The method can be used, for example, to check the thickness of the nuclear fuel coating, which is essentially a closed thin-walled tube of small diameter. The method is applicable for the qualification of fuel sets for deep storage, when repeated verification of the fuel condition will be necessary. The method can also be used to examine fuel in hot chambers.

Apart from activities related to the nuclear industry, the method can be applied when inspecting pipelines in laboratory equipment in which highly abrasive media are used - liquids or gases with solid particles or with admixture of acids.
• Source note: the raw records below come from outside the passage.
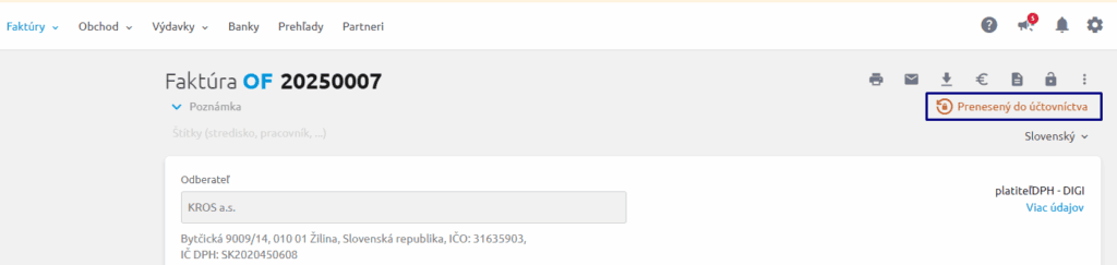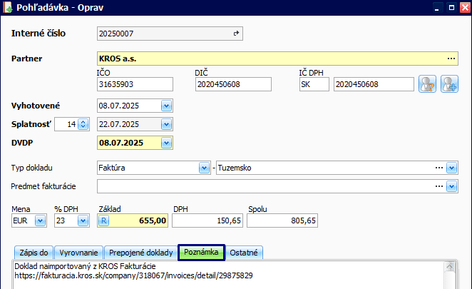 - V záložke Poznámka dokladu nájdete informáciu o tom, že tento doklad bol týmto spôsobom importovaný.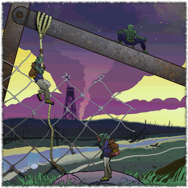 When you live in a lawless and primitive land, there's something to be said about officially staking a claim on your own little swath.Here we see a pair of brother Frog-folk working together to construct a border fence around their newly claimed homestead. They have a lot of work ahead of them, but at least they have a completed pathway, and a fence well undeway!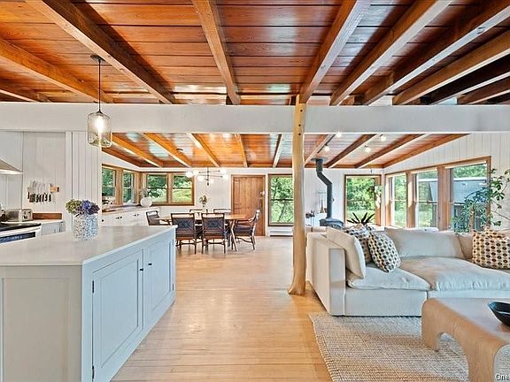 Located on a stunning 2.6-acre lot overlooking a private pond, the 2,200-sq ft. house provides plenty of space to unwind, including a pond-view balcony and an expansive patio. The open-floor-plan living room, dining room, and kitchen includes brand new appliances, a wood stove, wood floors, and lots of windows. The house also comes with a sunroom that's a prime spot for enjoying life on the pond, two fully equipped offices, a massive main bedroom (king), and a beautiful guest bedroom (queen).The home is set back from the road, on a beautiful tree lined driveway. You get the benefits of living a short 7-minute drive from downtown Cold Spring and the train station, while also feeling like you are in a wooded oasis.

In this way, the degree of pipe wear can be checked without the need to disassemble the installation, and thus a long interruption of the technological process and the potential leakage of liquids or vapors into the surroundings.

Claims (1)

PATENT CLAIMS 1. The method of non-destructive measurement of the thickness of thin-walled tubes of small diameter, characterized by the fact that for the calculation of the thickness of the thin-walled tube (TT) it uses non-destructively determined 5 resonance frequencies of oscillation in the cross-sectional plane of the TT and further uses at least one other property of the TT.